Sunday, August 19, 2012

Peace got sworn into the Air Force last week and is waiting to hear about when he will be assigned.  I hope to keep it together and not fall to pieces thinking about all that means.  I am satisfied with our relationship being so good at his impending departure.  In some ways, our recent closeness makes it more all the more painful for me as he prepares to fly. His precious girlfriend moved into her dorm  at Carson Newman, an hour away Friday, and I miss her presence around my house.  She's so everything I've wanted for my son, and if I have any perception left in me, I believe they are going to last. Peace and her entire family and her best friend settled her in...she had an entourage.  She called tonight saying she'd see me next weekend when she comes home to visit. Love that.

I'm in the middle of developing my relationship into something more with my person.  Relationships are fragile and complicated for me.  I want it all.  Everything.  It's what I'm willing to give.  I may come across as too much, but I'm not settling or overlooking anything this time. A friend of mine from work suggested he heard "me" in the song "Glass" by Thompson Square, and I think he's right on the money.  I am shaped by the light I let through me, and I am glass.  My participation in this new relationship has staggered and halted on my part so many times, because I don't want to be broken so wholly again.  Trusting in love is a new sport altogether for me.

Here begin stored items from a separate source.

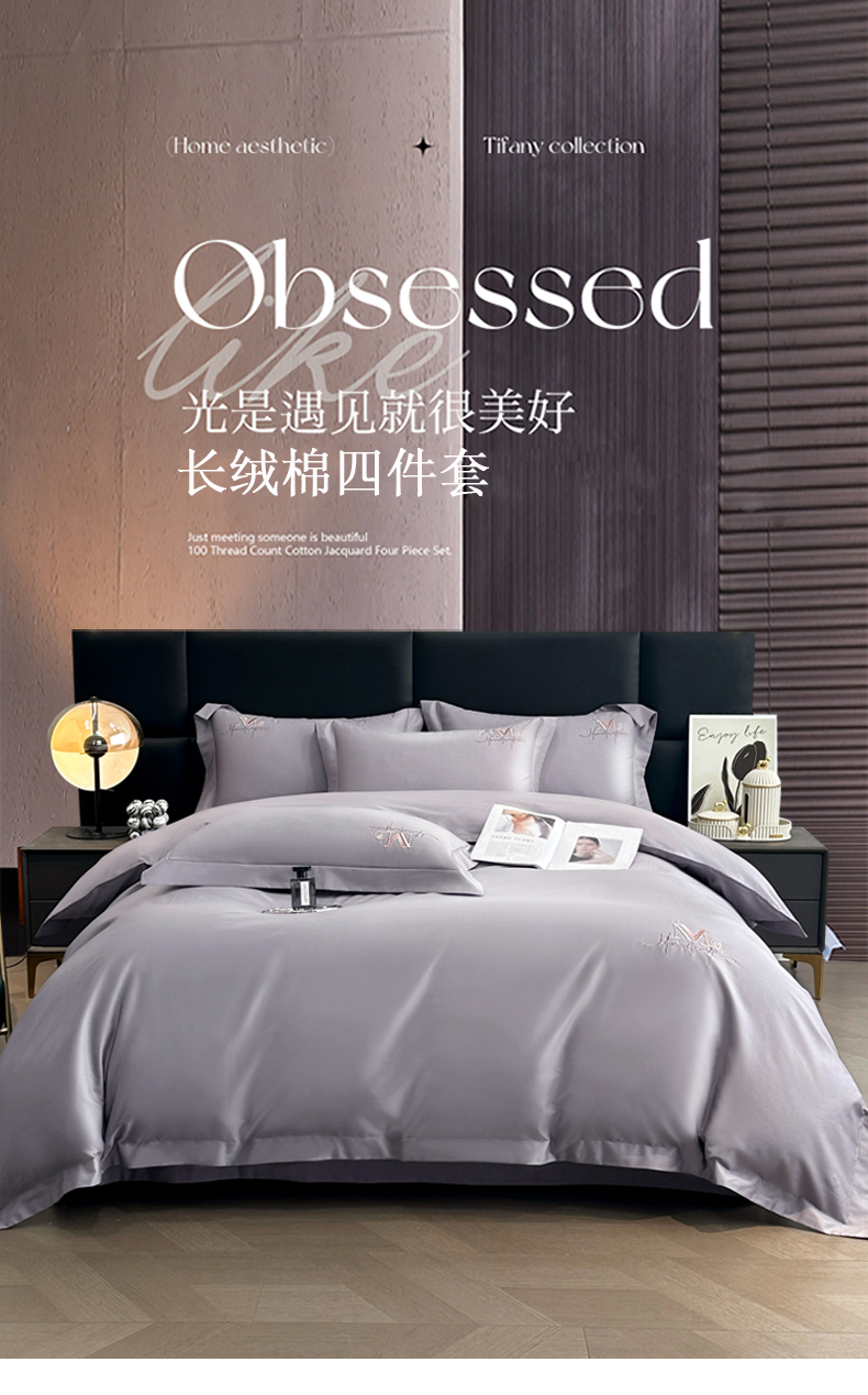(总)琉宿家纺 2025新款50s双股长绒棉提花宽边工艺四件套,蒂娜-灰色,蒂娜-奶白,花漫影-豆沙,花漫影-浅香槟,枫洛(粉玉),枫洛(清新兰),曼琳(豆沙),曼琳(灰)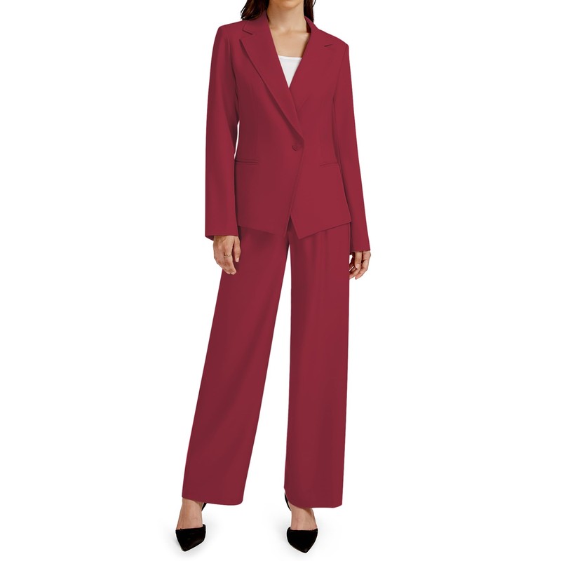 Casly Lamiit Womens Sets 2 Piece Outfits Business Casual Pantsuit Notched Collar Blazer Jacket Palazzo Pants Matching Set Dressy Wedding Spring Clothing Wine Red XL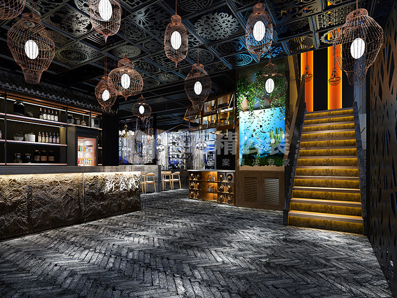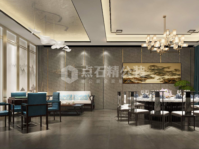 本案采用饰面板、青石瓦、仿古砖、不锈钢隔断、铁艺雕花、硬包,钛金线条等材质,风格以徽派+现代风格为主。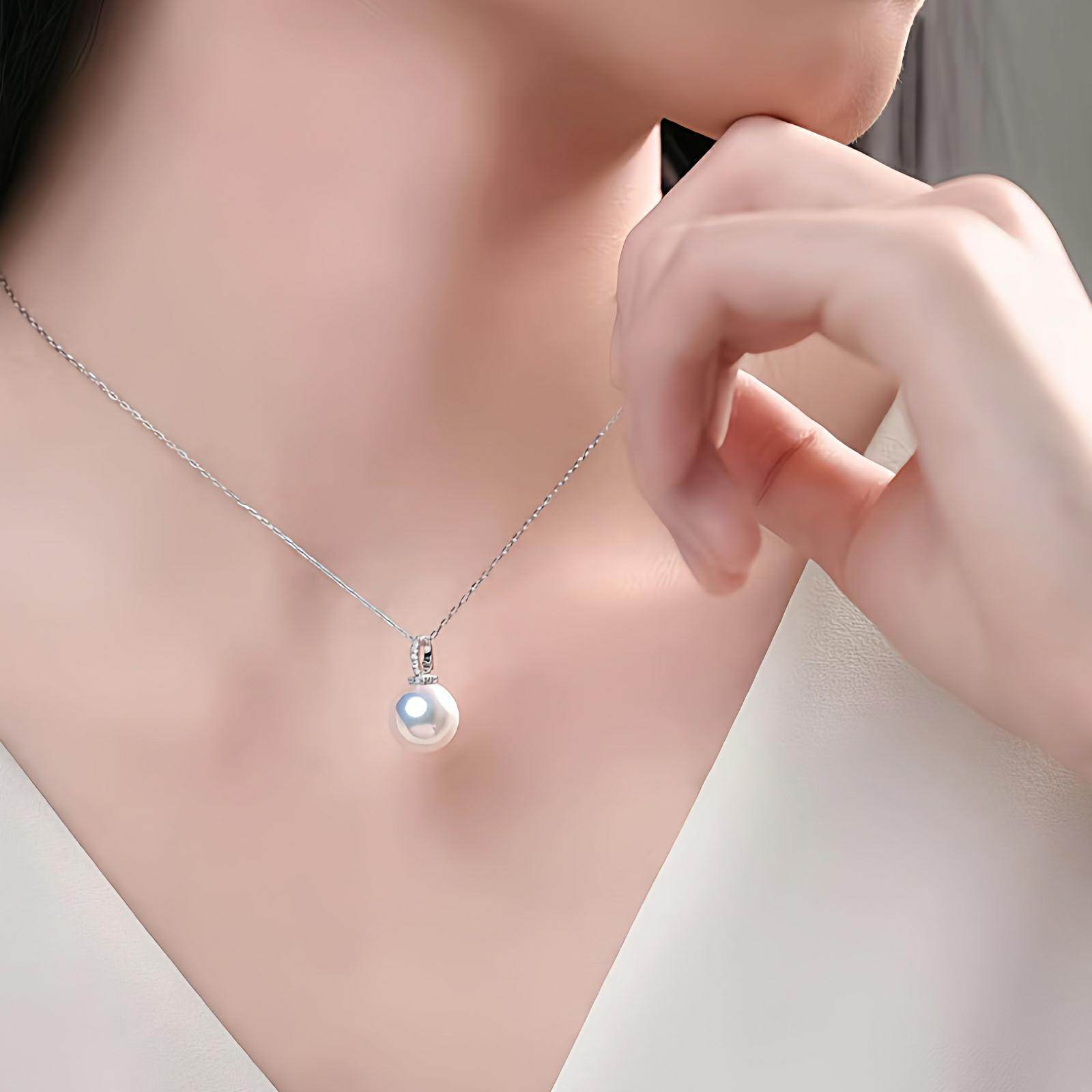 梵宝雅阁诸暨淡水珍珠吊坠女S925银正圆奶嘴款万能扣项链精致礼物

Pooh Bear tried out for the local production of The Nutcracker yesterday.  Thanks to Svetlana, whose daughters participate every year, Pooh's dream of performing will be fulfilled.  Svet knows the ins and outs, the schedule, and can help Pooh Bear make it to practice when I cannot.  It also bears mentioning my girl did so well in trot at Nationals with the American Vaultling Association. Her courage astounds me.  This year she got a great teacher at school but is unhappy with not having a good friend in her class. 

Wise One switched from high school football to cross country after realizing he'd get to participate in the latter and practically never in the former.  He got good classes and great teachers. I see him putting effort and thought into this year already...something which did not happen last semester. So, so glad he is home, and I see joy in him. 

Tater changed schools and joined football there.  I pray he sticks to it! We talk sometimes, but I don't see him often enough as he lives with his dad.  I let it be his call which is the only way things work between us.

I try hard not to look back at what could have been still.  The changes over the last three years reflect in the eyes and habits of my children.  I'd describe this mostly as reluctant independence. God knows, if I could rewrite the past, I would.  I am writing feverishly a new life, a beautiful life after.  Now If I could just breathe...exhale as I watch my children grow into the people they will become.








Thursday, June 21, 2012

Peace meets with an army man tonight. a dad from Scouts.  They are discussing the military as Peace wants to join the Air Force. Peace's taken the entrance exam and will be meeting with recruiters for the third time next week.  I'm not sure how much I've done wrong or right to have a son headed this direction.  He's more whole world minded than most people I know, and I'm not sure how that matches up with U.S. military folk. 

 The pacifist side of me knows I tried to raise a non-violent citizen of the world.  Turns out, he is such a person.  He loves diverse cultural experiences.  He values and respects differences. He hopes to get a position taking photos not shots in the airforce.  Is this possible?

  Part of me that knows I could only have a chance at being a pacifist, because there are men and women who lay down their own lives for my freedom every. single. day.  So, I'm proud my son would be that kind of individual.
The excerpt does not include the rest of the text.